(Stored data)
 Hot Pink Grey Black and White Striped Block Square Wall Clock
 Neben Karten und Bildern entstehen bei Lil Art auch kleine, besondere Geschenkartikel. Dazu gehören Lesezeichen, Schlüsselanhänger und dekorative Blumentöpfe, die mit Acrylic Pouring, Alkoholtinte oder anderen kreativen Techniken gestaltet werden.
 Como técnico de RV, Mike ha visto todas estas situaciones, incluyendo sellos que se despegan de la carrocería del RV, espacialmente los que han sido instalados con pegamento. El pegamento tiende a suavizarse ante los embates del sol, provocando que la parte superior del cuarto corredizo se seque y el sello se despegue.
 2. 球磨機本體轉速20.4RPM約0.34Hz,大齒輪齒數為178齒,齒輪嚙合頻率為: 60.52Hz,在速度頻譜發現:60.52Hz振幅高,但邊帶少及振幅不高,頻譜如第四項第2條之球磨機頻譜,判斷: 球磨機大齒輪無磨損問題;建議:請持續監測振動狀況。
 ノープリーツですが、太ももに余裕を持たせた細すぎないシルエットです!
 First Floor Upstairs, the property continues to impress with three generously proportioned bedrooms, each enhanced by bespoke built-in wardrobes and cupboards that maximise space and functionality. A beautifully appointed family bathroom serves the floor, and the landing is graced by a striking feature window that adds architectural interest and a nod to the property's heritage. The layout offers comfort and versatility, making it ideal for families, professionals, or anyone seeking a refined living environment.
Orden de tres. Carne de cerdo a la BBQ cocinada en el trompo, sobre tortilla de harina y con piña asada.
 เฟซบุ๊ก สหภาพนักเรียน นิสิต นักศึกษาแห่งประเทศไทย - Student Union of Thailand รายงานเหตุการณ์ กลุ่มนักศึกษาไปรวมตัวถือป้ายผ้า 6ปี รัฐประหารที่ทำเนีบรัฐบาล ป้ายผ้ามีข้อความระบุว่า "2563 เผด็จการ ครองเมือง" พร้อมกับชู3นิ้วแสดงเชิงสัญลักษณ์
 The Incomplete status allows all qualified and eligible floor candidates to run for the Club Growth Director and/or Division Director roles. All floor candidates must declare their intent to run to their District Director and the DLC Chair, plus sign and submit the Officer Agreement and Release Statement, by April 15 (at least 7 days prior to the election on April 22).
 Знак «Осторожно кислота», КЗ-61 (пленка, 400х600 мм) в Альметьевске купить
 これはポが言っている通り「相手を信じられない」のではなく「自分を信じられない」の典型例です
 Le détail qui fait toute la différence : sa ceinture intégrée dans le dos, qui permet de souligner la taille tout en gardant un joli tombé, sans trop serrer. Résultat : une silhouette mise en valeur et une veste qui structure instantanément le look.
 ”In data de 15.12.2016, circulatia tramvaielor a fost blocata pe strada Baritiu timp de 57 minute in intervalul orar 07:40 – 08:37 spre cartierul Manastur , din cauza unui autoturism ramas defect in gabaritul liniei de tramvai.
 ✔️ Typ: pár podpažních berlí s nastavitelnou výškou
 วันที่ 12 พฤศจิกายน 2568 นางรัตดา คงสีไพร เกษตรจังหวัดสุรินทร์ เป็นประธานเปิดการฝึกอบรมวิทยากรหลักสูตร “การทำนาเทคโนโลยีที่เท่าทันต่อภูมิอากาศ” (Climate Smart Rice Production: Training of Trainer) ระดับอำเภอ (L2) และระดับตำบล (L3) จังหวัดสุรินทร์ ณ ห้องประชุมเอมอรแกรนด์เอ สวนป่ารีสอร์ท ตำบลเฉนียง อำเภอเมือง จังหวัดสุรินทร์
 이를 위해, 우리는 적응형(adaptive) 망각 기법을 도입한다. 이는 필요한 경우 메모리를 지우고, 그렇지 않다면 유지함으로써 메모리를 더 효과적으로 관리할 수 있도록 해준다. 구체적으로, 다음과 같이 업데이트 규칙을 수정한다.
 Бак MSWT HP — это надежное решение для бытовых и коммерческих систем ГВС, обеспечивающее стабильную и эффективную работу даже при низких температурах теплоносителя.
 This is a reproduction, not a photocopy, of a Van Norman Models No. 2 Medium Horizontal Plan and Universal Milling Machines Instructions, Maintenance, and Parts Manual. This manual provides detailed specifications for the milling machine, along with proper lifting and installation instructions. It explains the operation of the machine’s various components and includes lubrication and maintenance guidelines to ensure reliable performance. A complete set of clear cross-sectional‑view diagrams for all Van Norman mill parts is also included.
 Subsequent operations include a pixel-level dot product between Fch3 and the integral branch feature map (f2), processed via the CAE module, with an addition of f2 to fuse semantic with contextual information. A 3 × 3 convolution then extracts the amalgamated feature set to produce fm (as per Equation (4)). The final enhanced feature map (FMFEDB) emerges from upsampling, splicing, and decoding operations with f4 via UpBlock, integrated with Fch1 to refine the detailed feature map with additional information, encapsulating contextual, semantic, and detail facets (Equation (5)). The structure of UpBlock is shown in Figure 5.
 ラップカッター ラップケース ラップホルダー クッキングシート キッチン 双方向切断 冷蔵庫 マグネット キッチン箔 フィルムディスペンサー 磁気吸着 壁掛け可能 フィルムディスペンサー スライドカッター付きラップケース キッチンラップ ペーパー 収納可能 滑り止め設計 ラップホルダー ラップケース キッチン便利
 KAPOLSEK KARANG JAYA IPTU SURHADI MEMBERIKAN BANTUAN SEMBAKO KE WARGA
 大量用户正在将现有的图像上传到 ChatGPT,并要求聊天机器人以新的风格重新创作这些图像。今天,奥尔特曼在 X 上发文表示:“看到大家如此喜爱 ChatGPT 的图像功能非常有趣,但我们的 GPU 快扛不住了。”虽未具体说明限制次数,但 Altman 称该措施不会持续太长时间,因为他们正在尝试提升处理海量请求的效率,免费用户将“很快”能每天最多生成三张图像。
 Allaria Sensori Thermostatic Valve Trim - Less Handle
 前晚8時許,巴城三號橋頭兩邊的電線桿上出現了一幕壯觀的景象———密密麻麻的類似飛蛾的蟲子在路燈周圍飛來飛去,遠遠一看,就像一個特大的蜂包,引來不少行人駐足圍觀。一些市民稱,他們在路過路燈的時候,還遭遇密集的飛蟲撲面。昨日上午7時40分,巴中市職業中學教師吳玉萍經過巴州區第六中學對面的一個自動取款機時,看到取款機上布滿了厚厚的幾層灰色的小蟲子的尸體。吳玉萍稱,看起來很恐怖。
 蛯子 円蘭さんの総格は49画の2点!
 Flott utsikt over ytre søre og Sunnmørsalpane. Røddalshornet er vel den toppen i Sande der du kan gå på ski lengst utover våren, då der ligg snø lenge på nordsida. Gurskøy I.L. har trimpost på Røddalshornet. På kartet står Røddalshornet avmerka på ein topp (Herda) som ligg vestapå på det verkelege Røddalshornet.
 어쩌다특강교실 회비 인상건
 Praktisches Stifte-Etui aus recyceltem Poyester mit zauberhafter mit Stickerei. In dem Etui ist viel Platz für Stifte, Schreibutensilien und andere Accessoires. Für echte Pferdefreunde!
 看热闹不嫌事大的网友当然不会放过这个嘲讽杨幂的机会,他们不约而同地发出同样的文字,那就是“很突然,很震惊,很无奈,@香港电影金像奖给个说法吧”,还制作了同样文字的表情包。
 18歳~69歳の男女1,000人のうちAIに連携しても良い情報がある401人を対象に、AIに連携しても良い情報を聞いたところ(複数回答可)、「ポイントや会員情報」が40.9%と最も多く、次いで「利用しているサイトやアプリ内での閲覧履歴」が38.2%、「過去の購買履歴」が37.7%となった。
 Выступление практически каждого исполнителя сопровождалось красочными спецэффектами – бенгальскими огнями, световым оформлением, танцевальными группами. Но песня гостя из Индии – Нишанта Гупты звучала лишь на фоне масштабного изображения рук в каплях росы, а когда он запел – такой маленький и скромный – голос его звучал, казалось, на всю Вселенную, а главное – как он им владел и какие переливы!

Task goal:
In your answer, include only the lines above starting at the line that holds "이를 위해, 우리는 적응형(adaptive)" and ending at the line that holds "This is a reproduction, not", copied exactly.

Task result:
 이를 위해, 우리는 적응형(adaptive) 망각 기법을 도입한다. 이는 필요한 경우 메모리를 지우고, 그렇지 않다면 유지함으로써 메모리를 더 효과적으로 관리할 수 있도록 해준다. 구체적으로, 다음과 같이 업데이트 규칙을 수정한다.
 Бак MSWT HP — это надежное решение для бытовых и коммерческих систем ГВС, обеспечивающее стабильную и эффективную работу даже при низких температурах теплоносителя.
 This is a reproduction, not a photocopy, of a Van Norman Models No. 2 Medium Horizontal Plan and Universal Milling Machines Instructions, Maintenance, and Parts Manual. This manual provides detailed specifications for the milling machine, along with proper lifting and installation instructions. It explains the operation of the machine’s various components and includes lubrication and maintenance guidelines to ensure reliable performance. A complete set of clear cross-sectional‑view diagrams for all Van Norman mill parts is also included.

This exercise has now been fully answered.